I've split the models below into two groups:

models for question generation:
aya:35b
gpt-oss:120b
deepseek-v3.1:671b

models for evaluation:
qwen3:235b
llama4:maverick

I'm curious to see if we will get similar evaluation results from qwen and llama4

I've updated evaluation rubric as follows to make it more question focused.

{
    "question_quality": {
        "question_clarity": {
            "type": "integer",
            "description": "Is the question grammatically correct, clear, and unambiguous? (1=unclear, 10=very clear)"
        },
        "question_relevance_to_title": {
            "type": "integer",
            "description": "Is the question directly mention the title? (1=unrelated, 10=directly relevant)"
        },
        "question_relevance_to_content": {
            "type": "integer",
            "description": "Does the question directly relate to the provided Wikipedia content? (1=unrelated, 10=directly relevant)"
        },
        "question_specificity": {
            "type": "integer",
            "description": "There must be only one clear question. Multiple questions in the question are not allowed. (1=vague, 10=precise)"
        },
        "curiosity": {
            "type": "integer",
            "description": "Does the question make the reader curious to learn more about the article? (1=trivial, 10=curious)"
        },
        "answer_relevance": {
            "type": "integer",
            "description": "Is the question directly matches with the answer considering the given content? (1=unrelated, 10=directly relevant)"
        },
        "context_relevance": {
            "type": "integer",
            "description": "Can we directly extract the question from the given content? (1=unrelated, 10=directly relevant)"
        },
        "overall_usefulness": {
            "type": "integer",
            "description": "Would this Q&A pair help someone learn or test knowledge about the article? (1=not useful, 10=very useful)"
        },
        "overall_alignment": {
            "type": "integer",
            "description": "Does the answer directly and naturally respond to the question according to the provided Wikipedia content? (1=mismatched, 10=aligned)"
        }
    },
    "rationale": {
        "type": "string",
        "description": "Brief justification for the scores."
    }
}

I've added questions from two large models into the prototype ui.
gpt-oss:120b, aya:35b
Overall evaluation is in progress.

Unfortunately, we can not run following model in mllabs instances due to gpu limitations:
deepseek-v3.1:671b
qwen3:235b
llama4:maverick

I'm sharing final evaluation results for this phase:

We evaluated two models ("aya:35b", "gpt-oss:120b"). We have cross matched eval_models and calculated averages.
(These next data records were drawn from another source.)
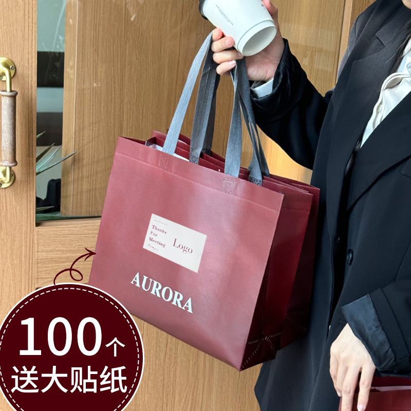 安可拉红手提袋服装店无纺布购物带衣服包装女装打包宣传袋子高档 投诉
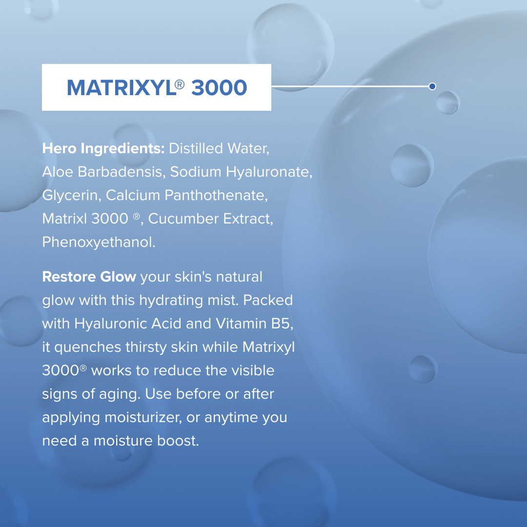 Nurture and rejuvenate your skin with our Restore Hydrating Peptide Spray, formulated to hydrate and heal with the added benefits of Vitamin B5. This rich formula works to repair and restore your skin’s natural barrier while infusing it with moisture. Enhanced with Matrixyl, it smooths fine lines and promotes collagen production for a firmer, youthful complexion. Perfect for skin that needs extra care, this spray delivers deep hydration and helps rejuvenate your skin, leaving it soft, smooth, and visibly nourished.
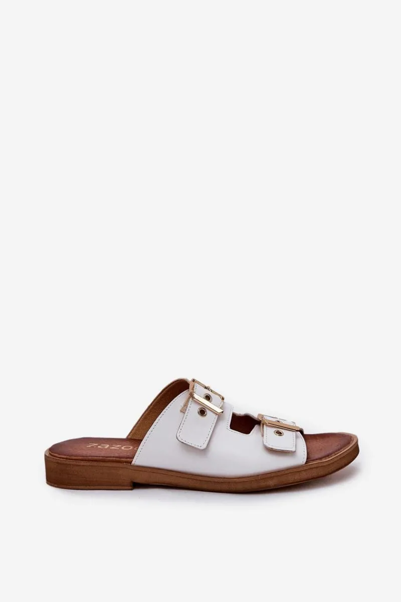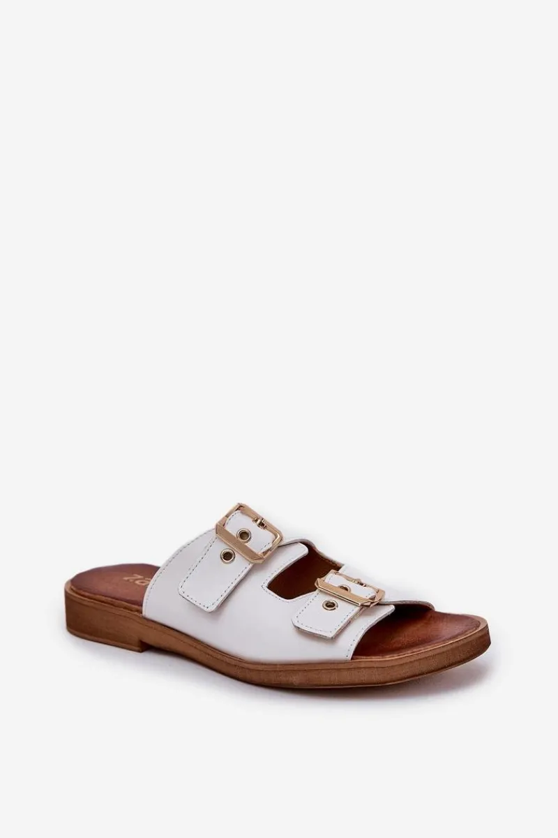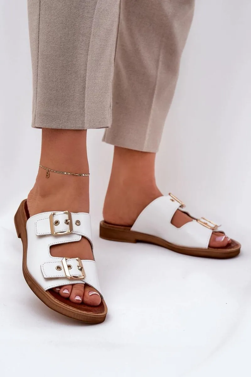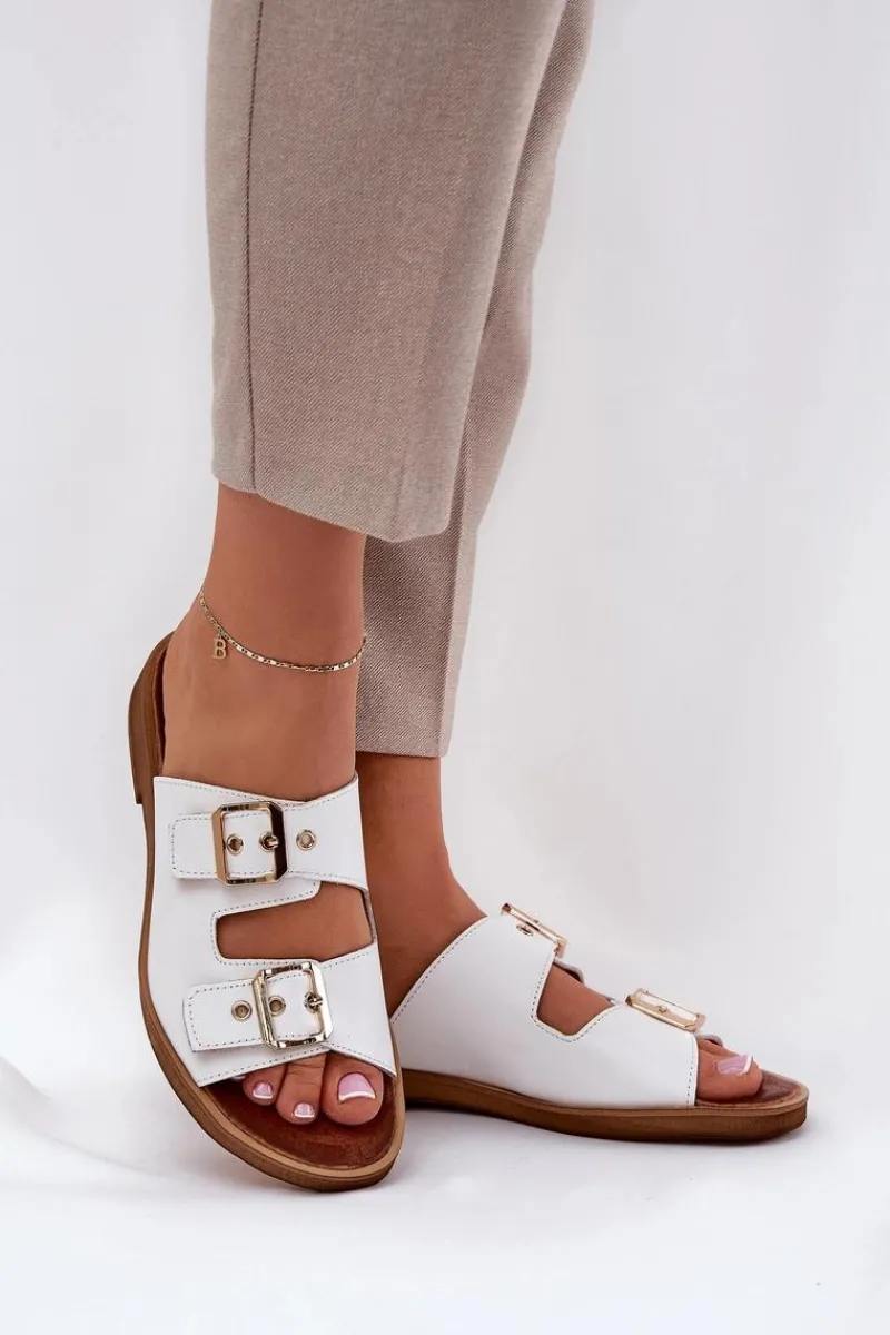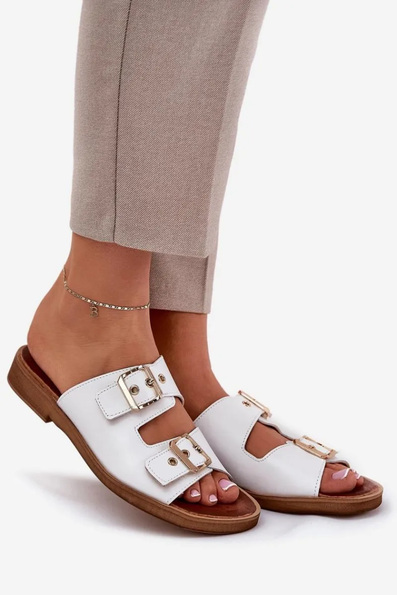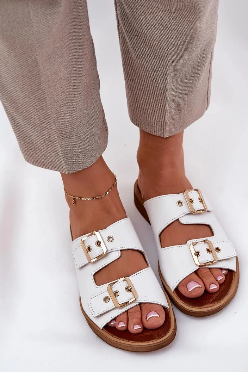 Skórzane klapki damskie na płaskim obcasie to elegancka propozycja, która łączy komfort z nowoczesnym stylem. Posiadają dwie złote klamry z regulowanymi paskami, które nie tylko zapewniają idealne dopasowanie do stopy, ale również stanowią modny akcent, dodający subtelnego blasku. Dzięki płaskiemu obcasowi klapki te są wygodne i stabilne, idealne na co dzień, zarówno do casualowych, jak i bardziej eleganckich stylizacji. Skórzana cholewka gwarantuje trwałość i komfort, sprawiając, że te klapki będą doskonałym wyborem na upalne dni. Przy wyborze rozmiaru prosimy sugerować się tabelą rozmiarów.
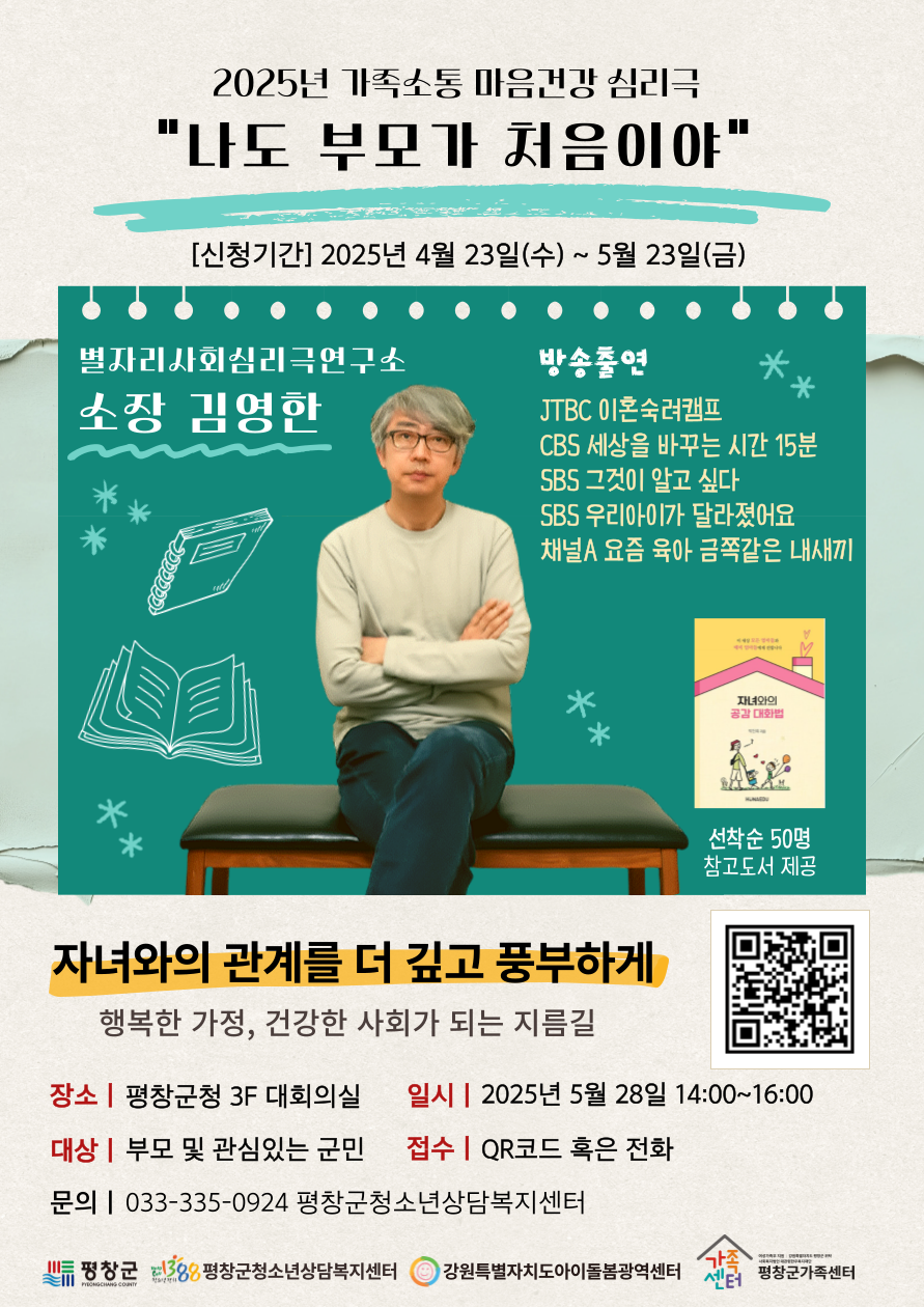 평창군청소년상담복지센터는 5월 28일(수) 14시 평창군청 3층 대회의실에서 지역 내 아동 및 청소년 부모를 대상으로 부모교육 특강을 실시합니다.
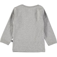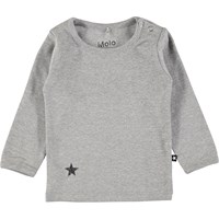 Grå basis bluse til baby med en lille påtrykt stjerne forneden. Trykknapper ved halsen gør det let at få blusen af og på.
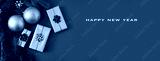 Happy new year. Christmas gift, fir tree branches and Christmas ornament on red background. Flat lay, top view.
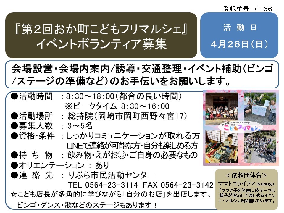 『第2回おか町こどもフリマルシェ』 イベントボランティア募集≪7-56まちびとバンク≫
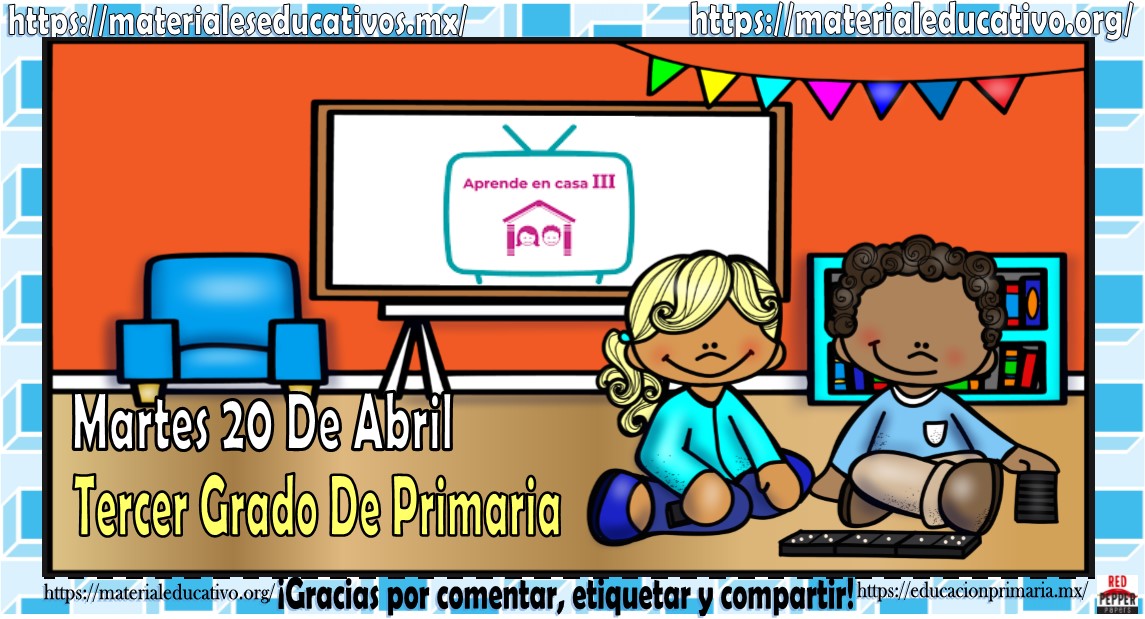 Amigos, compañeros docentes, padres de familia y alumnos que nos visitan, como ya es costumbre nosotros les proporcionaremos las clases contempladas para observarse en la TV del programa aprende en casa III, lo que antes se conocía como videos y preguntas. En esta oportunidad les queremos proporcionar las clases del tercer grado de primaria del martes 20 de abril del 2021 del presente ciclo escolar 2020 – 2021, estaremos seguros que con este material podrá facilitar la realización de las actividades planteadas por parte del programa. Muchas gracias por visitarnos y recuerden que aquí podrán encontrar las preguntas, videos y todas las clases del programa de aprende en casa 2. Recuerden compartir nuestros enlaces en sus redes sociales y etiquetar a sus compañeros y amigos docentes en nuestras publicaciones.

Quantitatively, gpt-oss:120b gets higher average scores. gpt-oss:120b has higher scores in all metrics except for question_relevance_to_title and curiosity.
Qualitatively, aya:35b tends to generate more general questions that everybody could ask. gpt-oss:120b generates more detailed questions that may require prior knowledge about the topic. gpt-oss:120b questions are longer than aya:35b questions.

We see a correlation between question quality and article quality. Question quality increases as article quality increases.
This can help to pick a subset of articles for production.

As this evaluation is mostly based on LLMs (llm-as-a-judge), we suggest more extensive human evaluation.

image.png (414×508 px, 56 KB)

image.png (980×644 px, 65 KB)

I'm closing this ticket with the findings above. Please feel free to add comments for any additional information.